Materials and methods

Material

A selection was made of seven groups of very similar Dutch white cabbage accessions (‘duplication groups’). The accessions were expected to be similar based on their names and origin. It concerned the duplication groups ‘Brunswijker’, ‘Gouden Akker’, ‘Roem van Enkhuizen’, ‘Delikatesse’, ‘Amager Kortstronk’, ‘Herfstdeen’ and ‘Langedijker’. All CGN accessions in these groups were characterised, except in the group ‘Langedijker’. This group was too large, and a selection of 14 out of 34 accessions was made from this group. To put these accessions into perspective, an additional group of nine accessions representing the diversity in Dutch white cabbages and another group of nine accessions representing white cabbages in the rest of the world was made by selecting as diverse material as possible, based on our knowledge of the material. This resulted in a total number of 50 accessions. From six of these accessions samples from before and after a regular gene bank regeneration were included (Table 1). The accessions have been referred to by their CGN number. If regenerations are concerned these numbers are followed by an ‘o’ (original) or a ‘n’ (new) indicating the accession before or after regeneration, respectively.

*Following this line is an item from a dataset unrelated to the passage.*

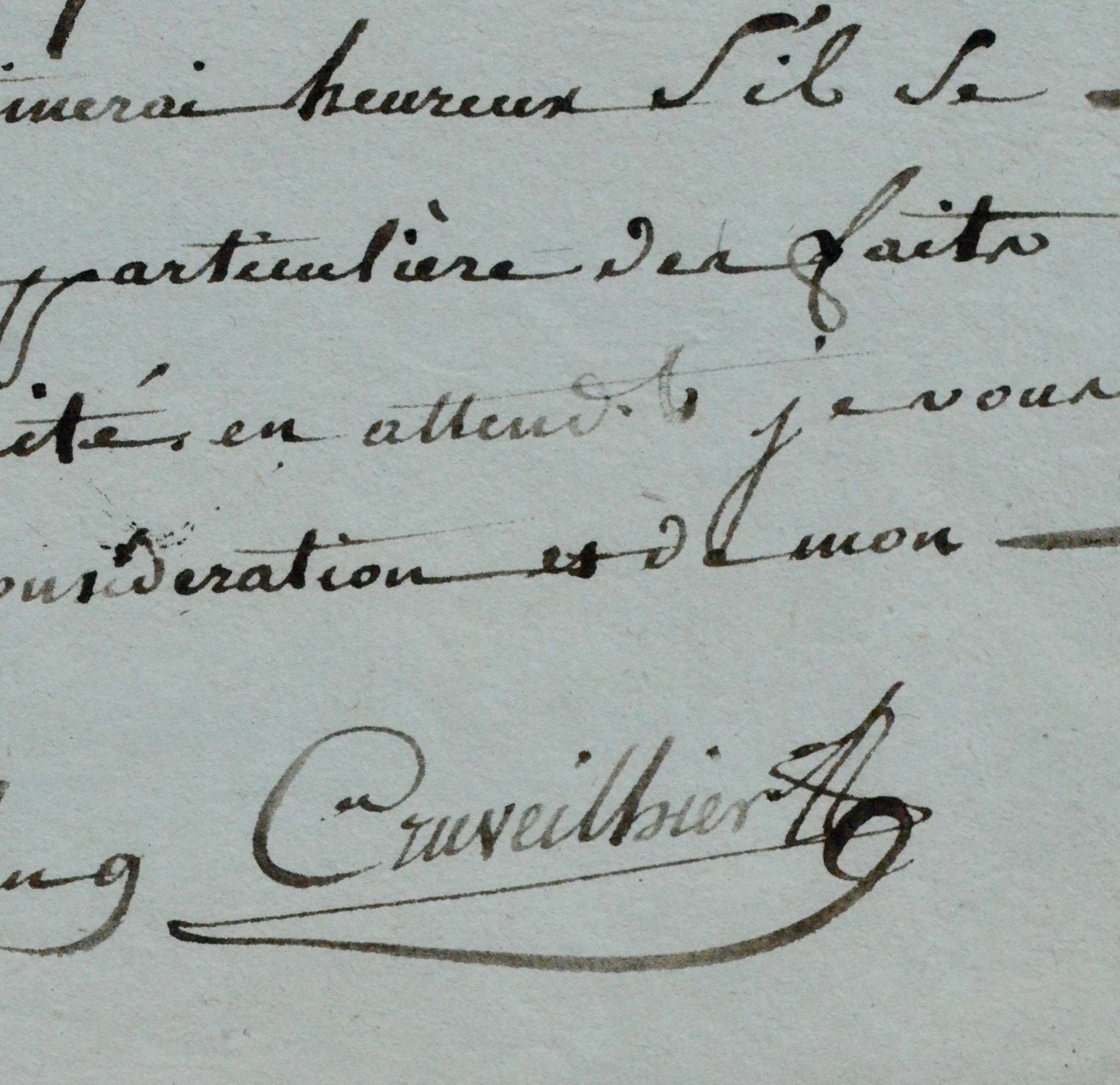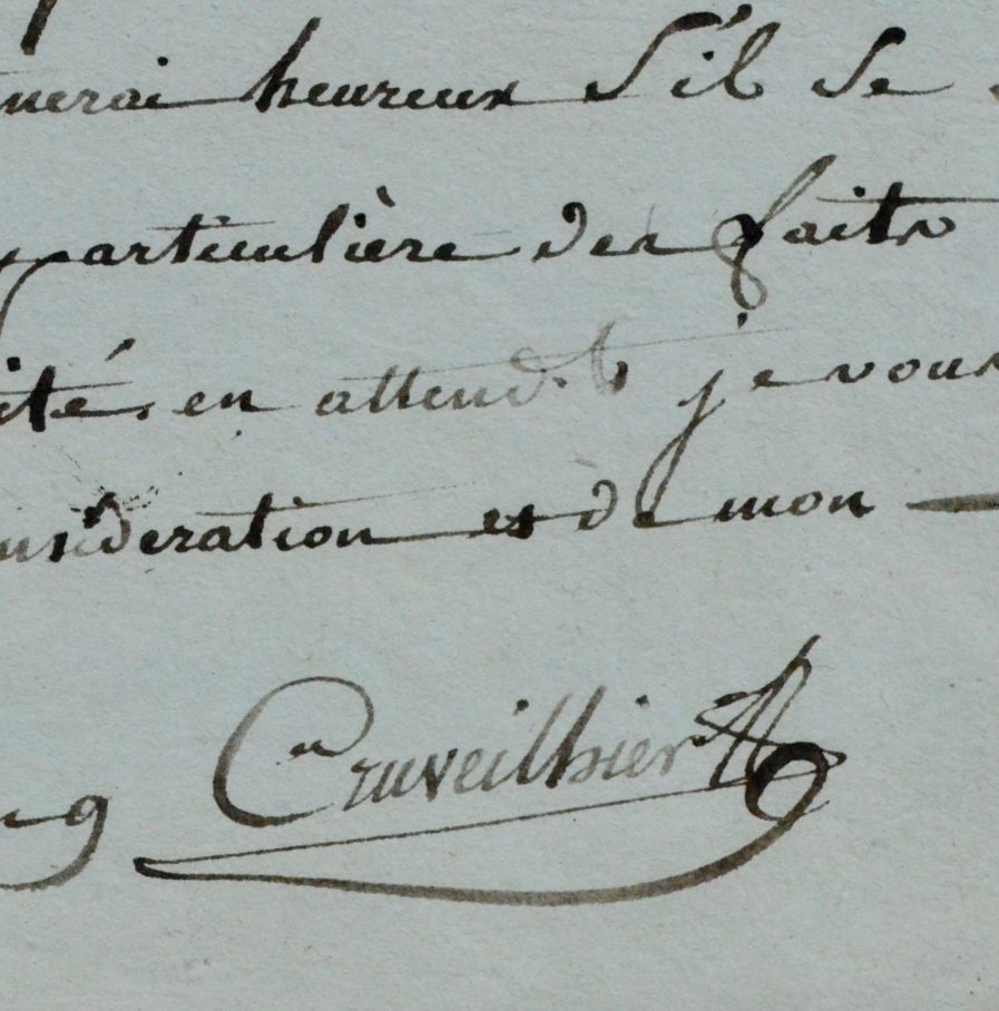 "La difficulté de me procurer du fluide vaccin, m'a privé jusqu'à ce jour, de faire jouir mon pays des avantages de la vaccination. L'interest que vous mettez à proposer cette importante découverte, me fait prendre la liberté de m'adresser à vous, pour que vous me fassiez l'amitié de me faire passer par la poste du fluide vaccin, déposé sur le verre ou de telle manière que vous jugerez la plus convenable, pour qu'il me parvienne dans son intégrité, afin que mes premiers essais soient couronnés de succès [...]".

Table 1 The most relevant passport data of the accessions included in the study. The accessions presented in bold font were included with samples from before and after regeneration

At CGN the following procedures are used for regenerating cabbage accessions: (1) Seeds are sown in seed trays at a temperature of 16–20°C in February. (2) After germination seedlings are transplanted to peat pots in a greenhouse with a temperature of 12–15°C. (3) In spring the plants are transplanted to the field. (4) In the autumn the plants are uprooted from the fields, potted and overwintered in a greenhouse during which period they receive a vernalization treatment at temperatures between 5–10°C. (5) In spring, when flowering shoots start to appear, 80 plants or more are placed in isolation rooms (gauze cages) in a non-heated greenhouse. Blowflies are used for pollination. (6) Accessions are harvested when the majority of plants have ripe seeds.

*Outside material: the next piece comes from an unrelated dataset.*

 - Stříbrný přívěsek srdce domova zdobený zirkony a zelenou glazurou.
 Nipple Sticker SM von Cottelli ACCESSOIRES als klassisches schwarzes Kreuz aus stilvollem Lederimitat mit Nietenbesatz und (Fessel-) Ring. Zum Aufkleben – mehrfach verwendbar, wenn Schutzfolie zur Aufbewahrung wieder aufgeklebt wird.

Each accession was characterised on the basis of at least 30 plants. Reproducibility of AFLP bands was monitored by sampling two plants twice for each population. This resulted in 1,832 samples to be characterised. Additionally, on each gel one sample of a standard genotype (plant 31 of accession CGN07040) was included for reference.

DNA extraction

Young leaves from seedlings were collected in 2 ml Eppendorf tubes, frozen in liquid nitrogen, lyophilized and ground with 5–7 glass pearls in a Retch shaking mill prior to the DNA extraction. DNA extraction was performed according to Fulton et al. (1995).

AFLP protocol

The AFLP method was performed essentially as described by Vos et al. (1995). Primary template DNA was prepared in a one-step restiction-ligation reaction. Total genomic DNA (300 ng) was digested with 5 U EcoRI and 5 U MseI (Life Technologies) in 40 μl 10 mM Tris–HCl buffer, 10 mM magnesium acetate, 50 mM potassium acetate, pH 7.5 for 1 h at 37°C. Subsequently, 10 μl of a ligation mixture containing 5 pmol EcoRI adapter, 50 pmol MseI adapter (Isogen) and 2 U T4 DNA ligase (Life Technologies) in the same solution as before but with 0.4 mM ATP, was added. This restriction/ligation reaction was incubated for 3 h at 37°C. The resulting primary template was diluted to 200 μl with 10 mM Tris–HCl, 0.1 mM EDTA pH 8.0 and stored at −20°C until use.

AFLP fingerprints were made using a two-step PCR amplification. The first step (preamplification) was performed on primary template using a primer pair based on the sequences of the EcoRI and MseI adapter with one additional selective nucleotide at the 3′ end. Amplification reactions (20 μl) contained 5 μl primary template, 30 ng of each primer, 0.4 U Taq polymerase, 0.2 mM of all four dNTPs, 10 mM Tris–HCl pH 8.3, 50 mM KCl, 1.5 mM MgCl2 and 0.001% gelatine. Preamplification products were diluted 20-fold with 10 mM Tris–HCl, 0.1 mM EDTA pH 8.0 and used as template in the second amplification reaction. This second step (selective amplification) was performed with primers having three selective nucleotides each. Amplification conditions were as described above except that only 5 ng of 33P-labeled EcoRI primer was used. Standard cycling conditions were: 1 cycle 94°C for 30 s, 65°C for 30 s and 72°C for 1 min. The 65°C annealing temperature was subsequently reduced by 0.7°C for the next 12 cycles, and continued at 56°C for a remaining 23 cycles.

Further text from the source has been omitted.